Тут, конечно же, надо отметить, что Целан не только переводил Мишо (как и, напомним, пусть и в существенно меньших масштабах, Шара), но и испытал заметное влияние его поэтики и личности, совершенно в ином плане, но сопоставимое по своей значимости с влиянием Мандельштама. И, очередная скрепа, соединяющая «поверх барьеров» собранные здесь тексты: невольная, жутковатая перекличка между самоубийством Целана и прекрасной утопленницей, «Незнакомкой из Сены», с глубоко личностного (редчайший, повторимся, для отшельника жест — ввести читателя-гостя в свое потаенное обиталище!) упоминания о которой странным образом начинается текст о Дефоре[75]
: не слишком ли произвольно объясняет Бланшо ее связь с поэзией Самюэля Вуда? На самом деле это свидетельство особой, трепетной щепетильности, с которой он обходит ключевое «несчастье», трагедию жизни своего друга, человека из «внутреннего круга» его друзей — смерть его дочери.Вообще же большинство случайных, казалось бы, отсылок и перекличек в наших текстах чревато подспудными связями. Так, например, можно пометить на траектории настоящего сборника и две особые, хорошо знакомые любому читателю Бланшо «станции»: детство у Дефоре связано с обретением голоса — пришедшего не отсюда: уж не отражение ли это пресловутого пения сирен?
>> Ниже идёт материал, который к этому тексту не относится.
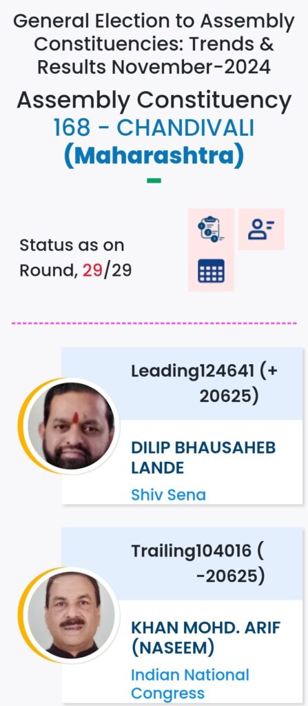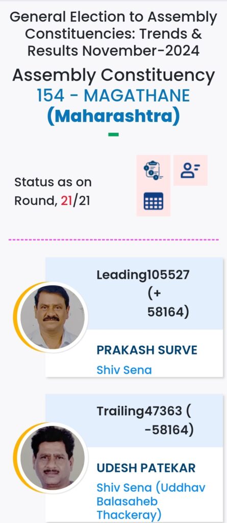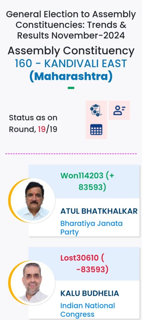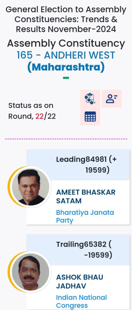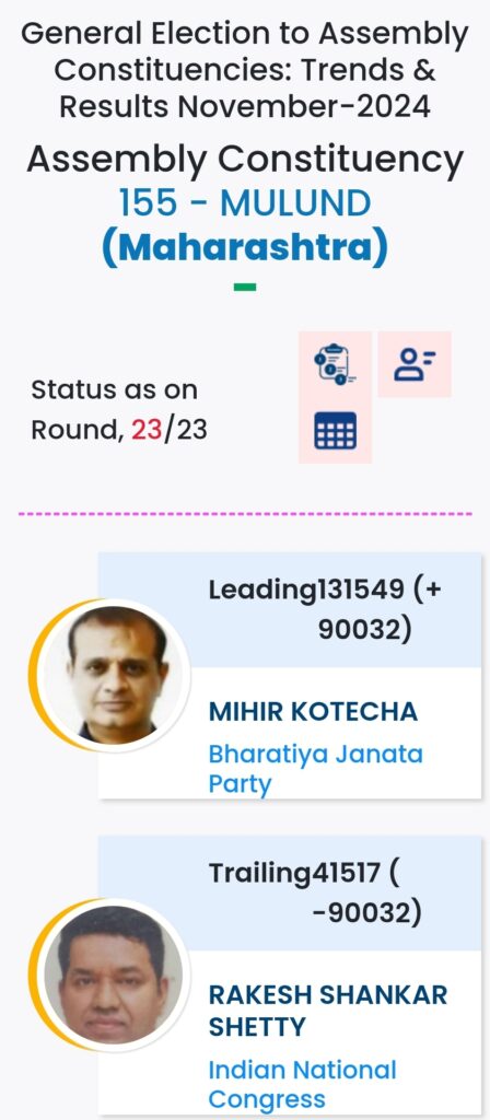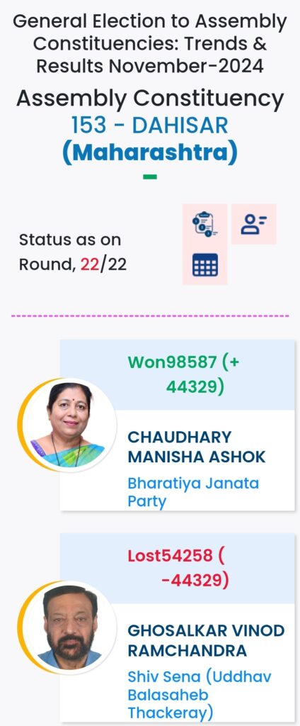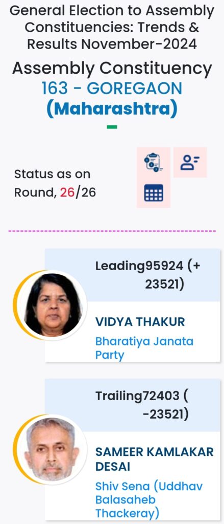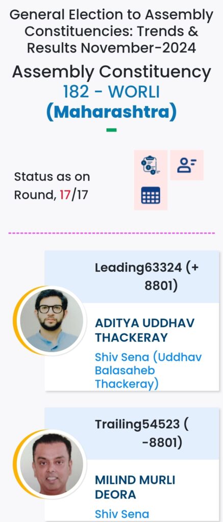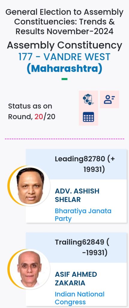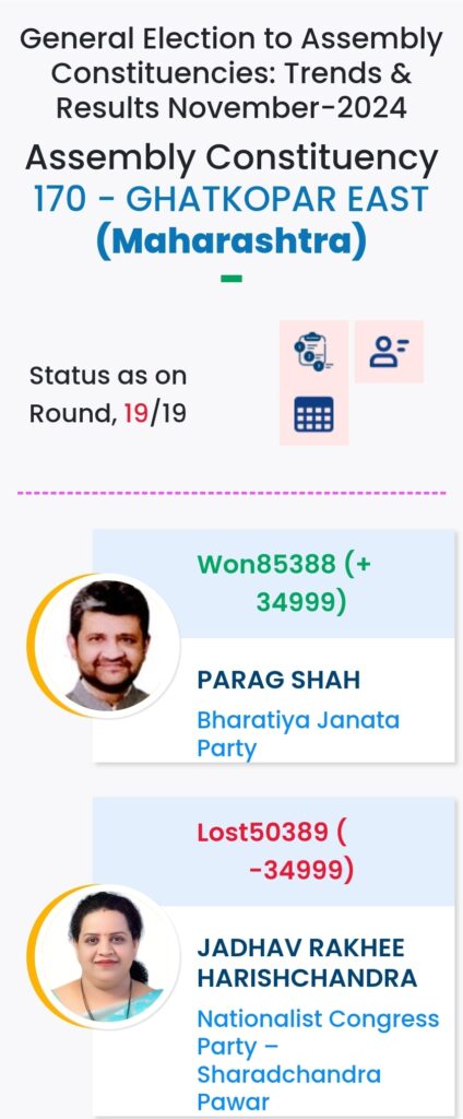 महाराष्ट्र विधानसभा चुनाव में महायुति ने बाजी मारी है. मुंबई मे विधानसभा चुनावों के दौरान विभिन्न पार्टियों के प्रत्याशियों की हालत निम्नलिखित रही:-

Взгляд, который постоянно встречает
Бланшо у Целана, — не отголосок ли это взгляда Орфея? И не забудем в ожидании про ущербный, раненый взгляд из «Безумия дня»… и про то, что говорить — совсем не то, что видеть…
И все же самым
последним[76] словом писателя для нас, читателей, оказывается не последнее его слово (здесь — «Анакруза»), а, по заветам Малларме, пенультима, написанное с потусторонней позиции, с порога, полуизвне, развернутое эссе о Фуко — и био-графия его мысли, и, от первых до последних строк, признание в невозможной, увы, всего только возможной дружбе. Этот написанный непосредственно после смерти Фуко емкий текст, в ту пору удививший прежде всего своей подчеркнуто, начиная с заглавия, личной позицией, непосредственно вводящий читателя в историю своих отношений — своего отношения — не с философом, автором определенного, нуждающегося в рассмотрении мыслительного наследия, а с уникальным и неповторимым персонажем личного опыта автора — чуть ли не плодом его воображения, здесь, повторимся, уже в высшей степени закольцовывает целое, смыкается с другим столь же личным памятником неусыпной дружбе…[77]***
В дополнение к четырем собранным по воле автора под одной обложкой текстам мы на свой страх и риск прилагаем второй квартет, еще четыре поздних оммажа, вариации на тему четырех других
близких Бланшо авторов, на сей раз скорее философов, нежели поэтов. Здесь вновь сквозь неустанную работу мысли проступает филигрань личных, дружественных отношений, постепенно отливающаяся в тоску по идеальному «коммунизму мысли».Вкратце об этих работах. Тут опять же следует учитывать хронологию (чей порядок здесь сохраняется): первый из этих текстов, открывавший посвященный памяти Мерло-Понти номер альманаха L’Arc
(1971), непосредственно предшествует в корпусе текстов Бланшо «Последнему говорить» и, как и в случае с Целаном, относится не к одному из по-настоящему близких друзей, хотя на протяжении полутора десятков лет двух мыслителей связывали неоспоримая приязнь и уважение, а Мерло-Понти даже являлся своеобразным «модератором» между Сартром и Бланшо, способствовавшим публикациям последнего в сартровском Les Temps modernes. При этом собственно философская позиция Мерло-Понти — французский, «сенсуалистический» извод феноменологии — не была близка скорее гуссерлианцу Бланшо, что, однако, не помешало ему вскрыть общую, характерную для любого философского («философского») дискурса проблему: проблему неминуемого существования в нем двойного дна, подспудно разъедающей его извне коррозии, того недоступного строгой академической логике «гула бытия», который, в свою очередь, слышит и, пытаясь выговорить, заглушает писатель (см. «Смерть последнего писателя»). Для самого Бланшо эти соображения носили на тот момент не только теоретический, но и сугубо практический характер: если двухголосие последнего «большого» рассказа писателя, «Ожидание забвения» (1962), откликалось в теоретических работах той поры (в основном вошедших в «Бесконечную беседу») подходом к фрагментарности как к диалогичности сравнительно однородного дискурса, то «Философский дискурс» служит и саморефлексией, отражающей переход Бланшо от этой первичной фрагментации к фрагментации более высокого порядка, смешивающей разные регистры дискурса (в частности — «философский» и «литературный») в единый контрапункт в двух следующих книгах писателя — «Шаг в-не» (Le Pas au-delà, 1973) и «Кромешное письмо» (L’Écriture du désastre, 1980), первые выдержки из которых стали появляться в журналах начиная с 1970 года.